───── Data listing
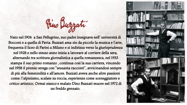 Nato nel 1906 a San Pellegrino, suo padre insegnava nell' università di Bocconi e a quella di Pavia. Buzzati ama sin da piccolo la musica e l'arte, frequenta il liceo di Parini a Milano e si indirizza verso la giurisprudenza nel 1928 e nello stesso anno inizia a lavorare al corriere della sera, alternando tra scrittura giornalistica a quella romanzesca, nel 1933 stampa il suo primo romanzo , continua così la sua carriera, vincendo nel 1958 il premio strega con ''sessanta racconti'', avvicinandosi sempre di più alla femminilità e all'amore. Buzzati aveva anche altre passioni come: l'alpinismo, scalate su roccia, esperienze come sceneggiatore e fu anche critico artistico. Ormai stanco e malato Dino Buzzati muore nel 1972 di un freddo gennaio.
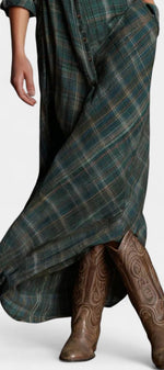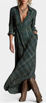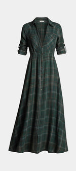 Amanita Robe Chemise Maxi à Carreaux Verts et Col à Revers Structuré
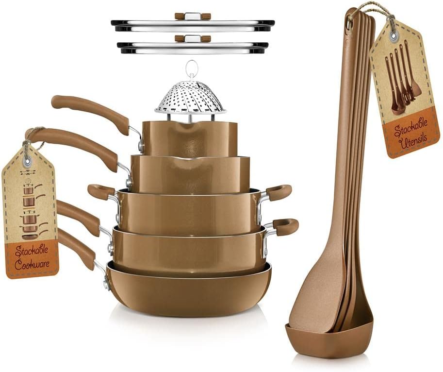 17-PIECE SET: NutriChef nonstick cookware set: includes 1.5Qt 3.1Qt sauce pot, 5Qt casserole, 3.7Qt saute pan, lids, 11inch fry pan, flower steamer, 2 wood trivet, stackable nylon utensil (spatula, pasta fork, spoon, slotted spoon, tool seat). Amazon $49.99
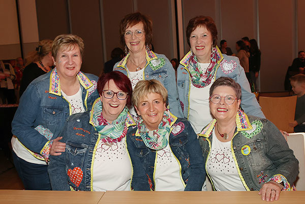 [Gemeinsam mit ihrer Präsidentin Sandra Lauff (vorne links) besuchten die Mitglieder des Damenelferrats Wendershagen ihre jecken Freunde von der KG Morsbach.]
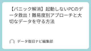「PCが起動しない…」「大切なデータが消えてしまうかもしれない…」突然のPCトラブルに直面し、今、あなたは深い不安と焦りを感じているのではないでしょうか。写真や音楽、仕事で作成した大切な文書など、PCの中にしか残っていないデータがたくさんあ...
──────────
» What the task asks
When an image appears in the data, skip it and output the rest exactly.

» Task response
 Nato nel 1906 a San Pellegrino, suo padre insegnava nell' università di Bocconi e a quella di Pavia. Buzzati ama sin da piccolo la musica e l'arte, frequenta il liceo di Parini a Milano e si indirizza verso la giurisprudenza nel 1928 e nello stesso anno inizia a lavorare al corriere della sera, alternando tra scrittura giornalistica a quella romanzesca, nel 1933 stampa il suo primo romanzo , continua così la sua carriera, vincendo nel 1958 il premio strega con ''sessanta racconti'', avvicinandosi sempre di più alla femminilità e all'amore. Buzzati aveva anche altre passioni come: l'alpinismo, scalate su roccia, esperienze come sceneggiatore e fu anche critico artistico. Ormai stanco e malato Dino Buzzati muore nel 1972 di un freddo gennaio.
 Amanita Robe Chemise Maxi à Carreaux Verts et Col à Revers Structuré
 17-PIECE SET: NutriChef nonstick cookware set: includes 1.5Qt 3.1Qt sauce pot, 5Qt casserole, 3.7Qt saute pan, lids, 11inch fry pan, flower steamer, 2 wood trivet, stackable nylon utensil (spatula, pasta fork, spoon, slotted spoon, tool seat). Amazon $49.99
 [Gemeinsam mit ihrer Präsidentin Sandra Lauff (vorne links) besuchten die Mitglieder des Damenelferrats Wendershagen ihre jecken Freunde von der KG Morsbach.]
「PCが起動しない…」「大切なデータが消えてしまうかもしれない…」突然のPCトラブルに直面し、今、あなたは深い不安と焦りを感じているのではないでしょうか。写真や音楽、仕事で作成した大切な文書など、PCの中にしか残っていないデータがたくさんあ...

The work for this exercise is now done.